Hyperechoic breast images: all that glitters is not gold!

Affiliations
Review

Hyperechoic breast images: all that glitters is not gold!

Gabrielle Journo et al. Insights Imaging. 2018 Apr.

Abstract

Hyperechogenicity is a sign classically reported to be in favour of a benign lesion and can be observed in many types of benign breast lesions such as hamartoma, lipoma, angiolipoma, haemangioma, haematoma, fat necrosis, fibrosis and galactocele, among others. However, some rare malignant breast lesions can also present a hyperechoic appearance.
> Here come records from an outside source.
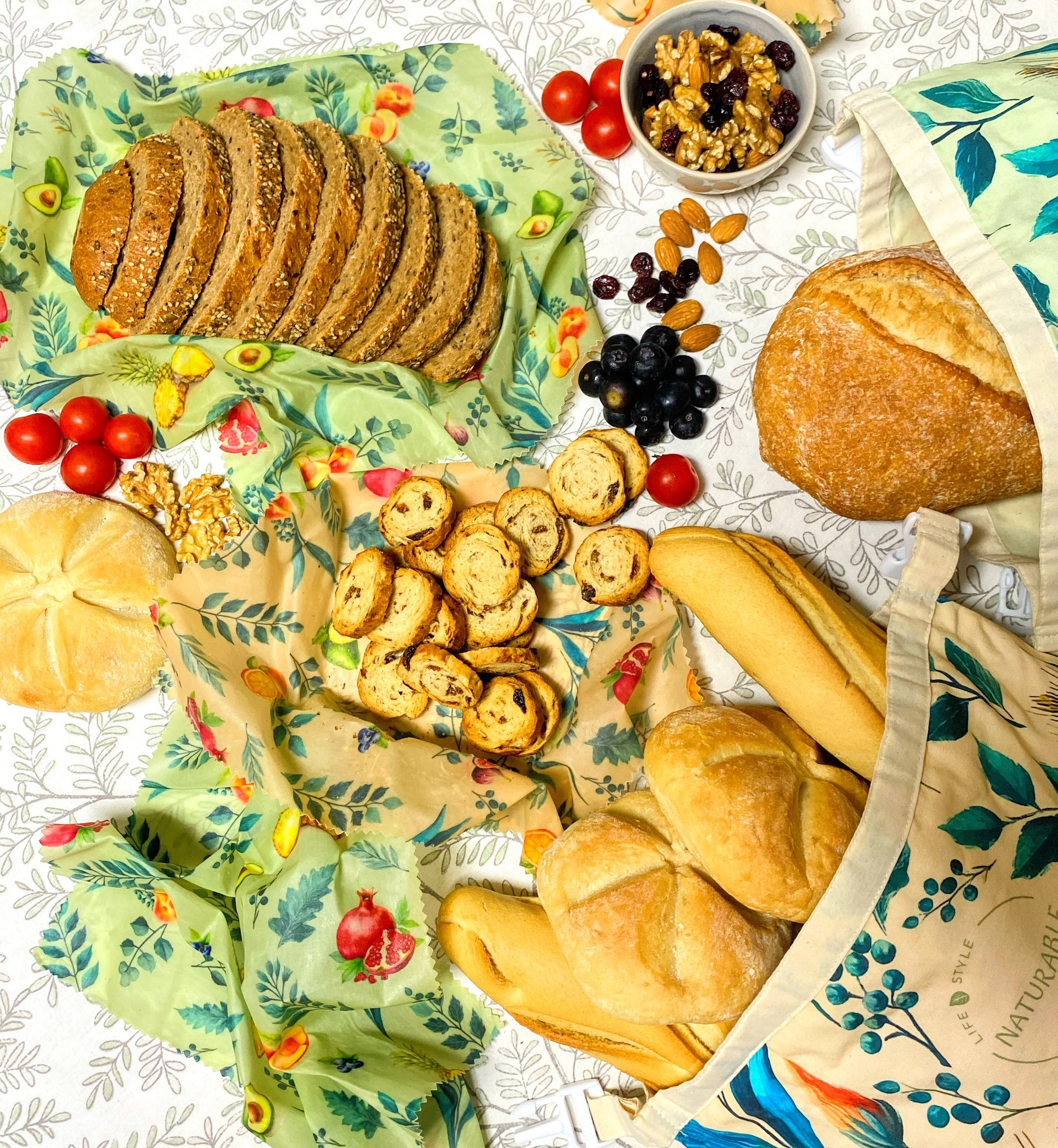 Each set includes 2 reusable bread bags and 2 wraps, made from 100% cotton, beeswax, jojoba oil, and pine resin.
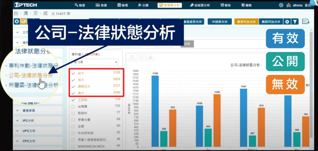 可以從這裡來看出,在各校台、清、交、成的法律狀態,直接勾選,台、成大、陽明交大跟清大,按下「分析」功能,我們在下方這個畫面,就可以看到各校的「有效」、「公開」跟「無效」的專利件數統計了。
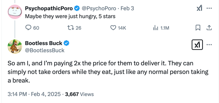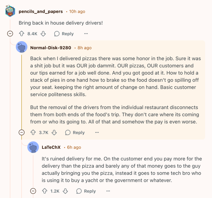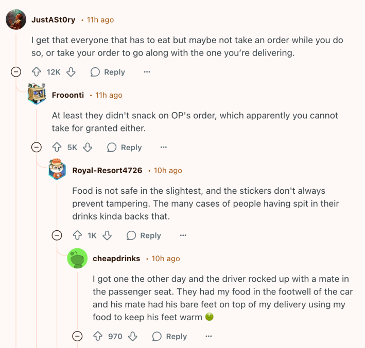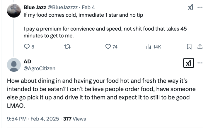 Even without further context, it didn’t take long for the image to spread across social media. To those frustrated with the state of delivery apps, it served as more proof that the way they have "disrupted" the food delivery industry has only made things worse for customers. To others, it was emblematic of entitlement, accompanied by the suggestion that anyone who expects timely, accurate orders should go get the food themselves.
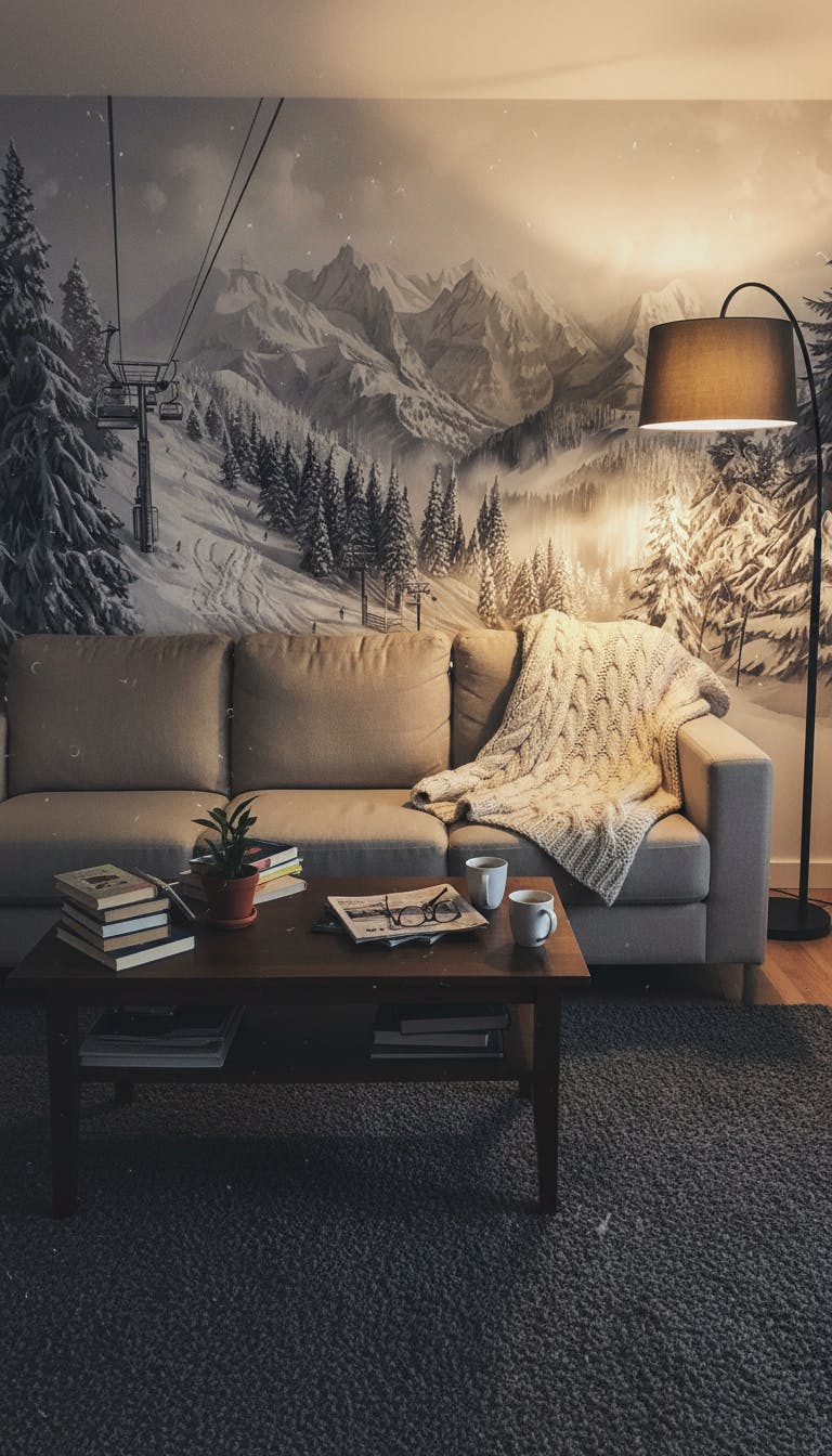 The silhouettes of the cable cars blend seamlessly into the winter landscape, while the snow-capped peaks add a dimension of visual depth. This wallpaper draws on the timeless elegance of black and white to adapt to various interior design trends, making each room both modern and nostalgic.

Most of these hyperechoic malignant lesions present other characteristics that are more typically suggestive of malignancy such as posterior shadowing, a more vertical axis or irregular margins that help to guide the diagnosis. Post magnetic resonance imaging, second-look ultrasound may visualise hyperechoic malignant lesions that would not have been identified at first sight and radiologists must know how to recognise these lesions.

Teaching points: • Some rare malignant breast lesions can present a hyperechoic appearance. • Malignant lesions present other characteristics that are suggestive of malignancy. • An echogenic mass with fat density on mammography does not require biopsy.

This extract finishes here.